The cluster controller has a /cluster/v2 API for viewing and modifying a content cluster state. To find the URL to access this API, identify the cluster controller services in the application. Only the master cluster controller will be able to respond. The master cluster controller is the cluster controller alive that has the lowest index. Thus, one will typically use cluster controller 0, but if contacting it fails, try number 1 and so on. Using vespa-model-inspect:

$ vespa-model-inspect service -u container-clustercontroller

container-clustercontroller @ hostname.domain.com : admin
admin/cluster-controllers/0
    http://hostname.domain.com:19050/ (STATE EXTERNAL QUERY HTTP)
    http://hostname.domain.com:19117/ (EXTERNAL HTTP)
    tcp/hostname.domain.com:19118 (MESSAGING RPC)
    tcp/hostname.domain.com:19119 (ADMIN RPC)

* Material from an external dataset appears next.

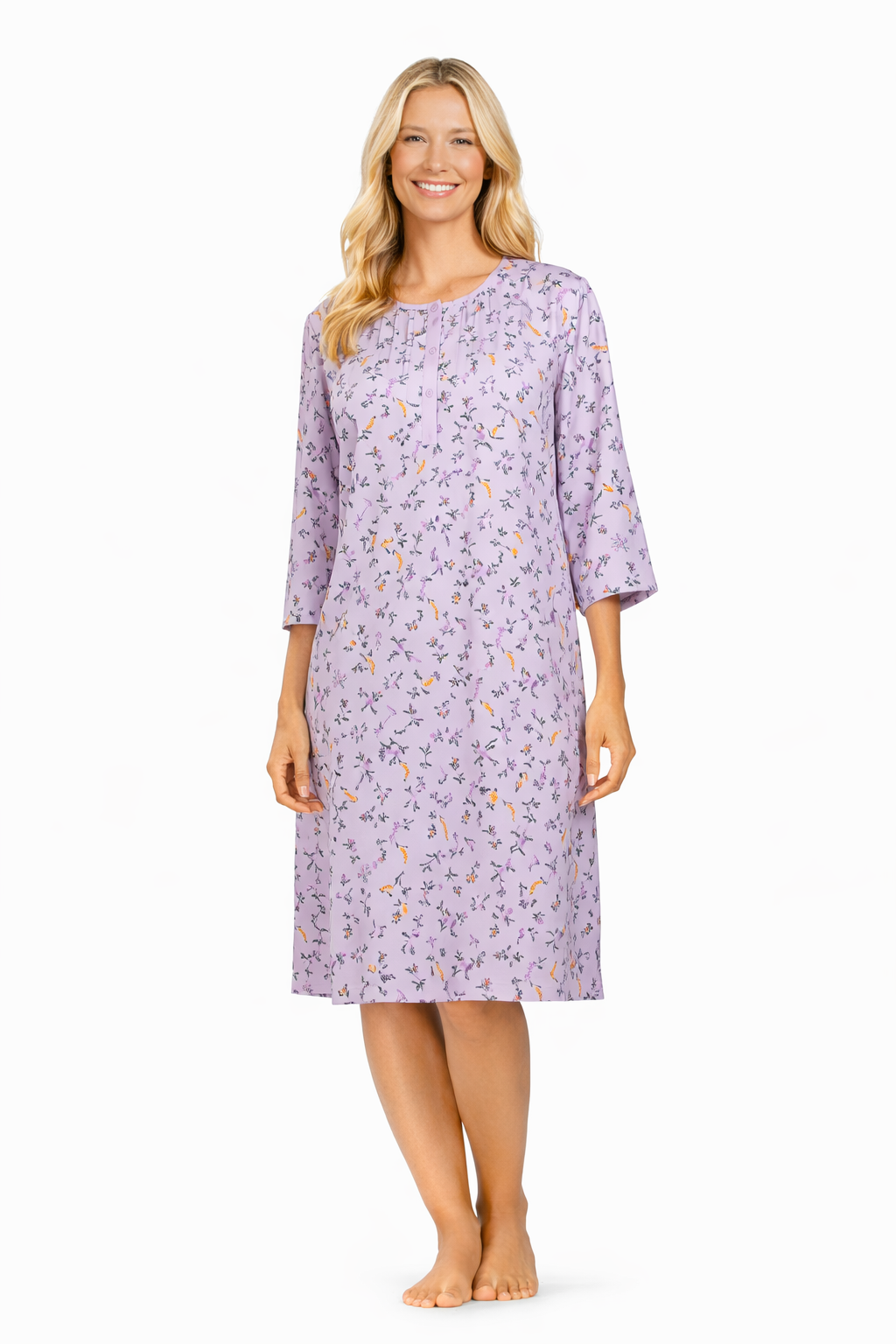 Het nachthemd heeft een mooi all-over bloemendessin dat zorgt voor een frisse en vrouwelijke uitstraling. De 3/4 mouwen bieden extra comfort en maken dit model geschikt voor meerdere seizoenen. De knoopsluiting met vier knoopjes geeft het nachthemd een klassieke en praktische afwerking.

In this example, there is only one clustercontroller, and the State Rest API is available on the port marked STATE and HTTP, 19050 in this example. This information can also be retrieved through the model config in the config server.

Find examples of API usage in content nodes.

HTTP requests

HTTP request cluster/v2 operation Description
GET

List cluster and nodes. Get cluster, node or disk states.

List content clusters
/cluster/v2/
Get cluster state and list service types within cluster
/cluster/v2/<cluster>
List nodes per service type for cluster
/cluster/v2/<cluster>/<service-type>
Get node state
/cluster/v2/<cluster>/<service-type>/<node>
PUT

Set node state

Set node user state
/cluster/v2/<cluster>/<service-type>/<node>

Node state

Content and distributor nodes have state:

State Description

Up

The node is up and available to keep buckets and serve requests.

Down

The node is not available, and can not be used.

Stopping

This node is stopping and is expected to be down soon. This state is typically only exposed to the cluster controller to tell why the node stopped. The cluster controller will expose the node as down or in maintenance mode for the rest of the cluster. This state is thus not seen by the distribution algorithm.

Maintenance

This node is temporarily unavailable. The node is available for bucket placement, so redundancy is lower. Using this mode, new replicas of the documents stored on this node will not be created, allowing the node to be down with less of a performance impact on the rest of the cluster. This mode is typically used to mask a down state during controlled node restarts, or by an administrator that need to do some short maintenance work, like upgrading software or restart the node.

Retired

A retired node is available and serves requests. This state is used to remove nodes while keeping redundancy. Buckets are moved to other nodes (with low priority), until empty. Special considerations apply when using grouped distribution as buckets are not necessarily removed.

Distributor nodes start / transfer buckets quickly and are hence not in maintenance or retired.

Refer to examples of manipulating states.

Types

Type Spec Description

cluster

<identifier> The name given to a content cluster in a Vespa application.

description

.* Description can contain anything that is valid JSON. However, as the information is presented in various interfaces, some which may present reasons for all the states in a cluster or similar, keeping it short and to the point makes it easier to fit the information neatly into a table and get a better cluster overview.

group-spec

<identifier>(\.<identifier>)* The hierarchical group assignment of a given content node. This is a dot separated list of identifiers given in the application services.xml configuration.

node

[0-9]+ The index or distribution key identifying a given node within the context of a content cluster and a service type.

service-type

(distributor|storage) The type of the service to look at state for, within the context of a given content cluster.

state-disk

(up|down) One of the valid disk states.

state-unit

up | stopping | down

The cluster controller fetches states from all nodes, called unit states. States reported from the nodes are either up or stopping. If the node can not be reached, a down state is assumed.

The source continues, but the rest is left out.